(Data extracted from a collection)
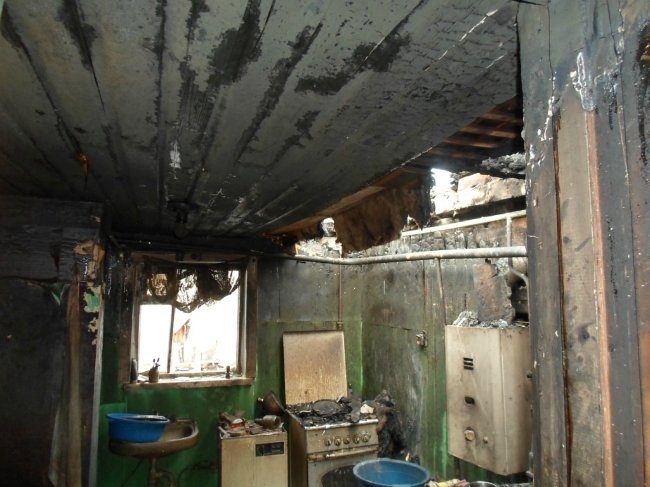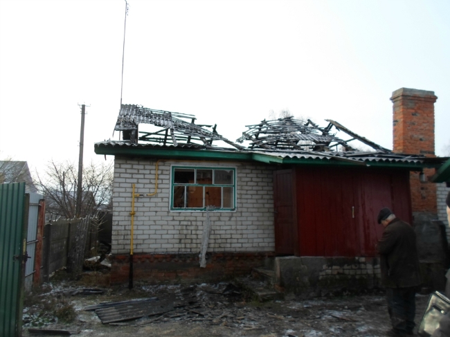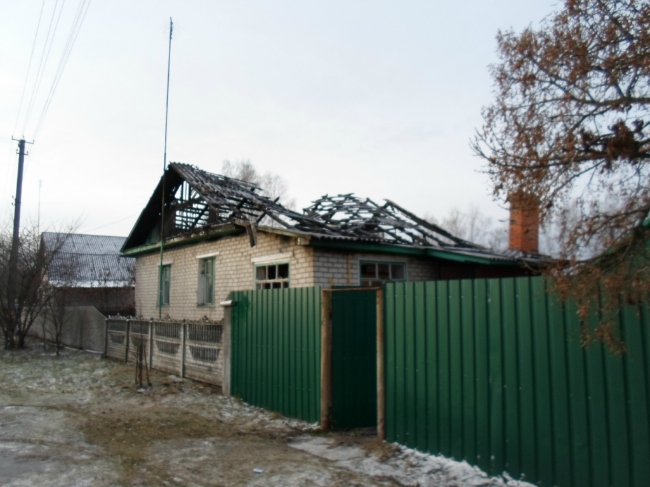 Огнём уничтожена крыша, повреждены перекрытия и стены. Хозяин не пострадал.
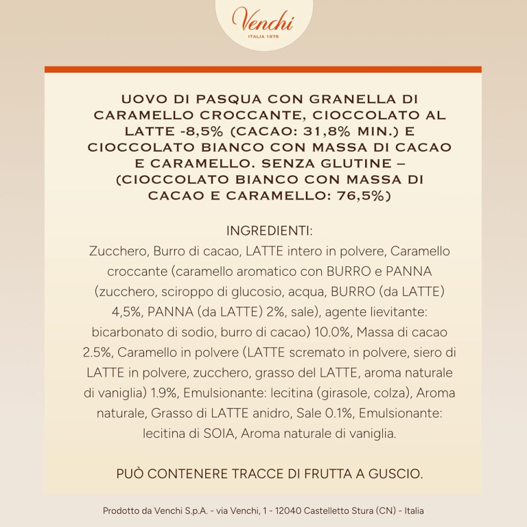 Venchi - Uovo di Cioccolato,150 Gr, Gusto Caramello e Toffee Salato con Granella Croccante, Senza Glutine, con Sorpresa, Collezione Pasqua Venchi, Idea Regalo
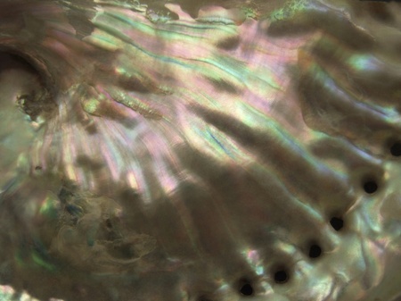 Detail showing close up macro shot of iridescent abalone shell concentric rings and texture keywords:...
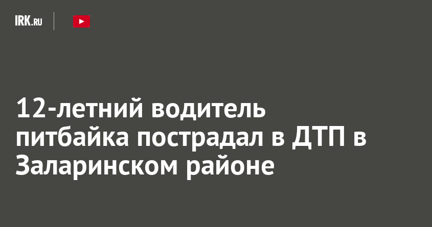 26 апреля в селе Илганское Заларинского района в ДТП попал 12-летний водитель питбайка. По предварительной информации Госавтоинспекции Иркутской области, подросток не справился с управлением, он упал с мототранспорта на асфальт. Пострадавшего экстренно доставили в медицинское учреждение в Иркутске.
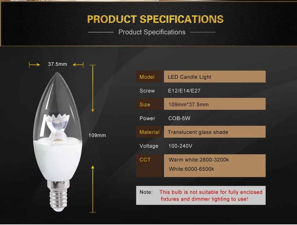 1 шт. E27 E14 E12 Led свеча энергосберегающая лампа 100-240 В 5 Вт COB Velas Led украшение дома 110В 220В Светодиодная лампа

Prompt
Each entry above should be restated word for word, though no picture may appear in the copy.

The completed task
 Огнём уничтожена крыша, повреждены перекрытия и стены. Хозяин не пострадал.
 Venchi - Uovo di Cioccolato,150 Gr, Gusto Caramello e Toffee Salato con Granella Croccante, Senza Glutine, con Sorpresa, Collezione Pasqua Venchi, Idea Regalo
 Detail showing close up macro shot of iridescent abalone shell concentric rings and texture keywords:...
 26 апреля в селе Илганское Заларинского района в ДТП попал 12-летний водитель питбайка. По предварительной информации Госавтоинспекции Иркутской области, подросток не справился с управлением, он упал с мототранспорта на асфальт. Пострадавшего экстренно доставили в медицинское учреждение в Иркутске.
 1 шт. E27 E14 E12 Led свеча энергосберегающая лампа 100-240 В 5 Вт COB Velas Led украшение дома 110В 220В Светодиодная лампа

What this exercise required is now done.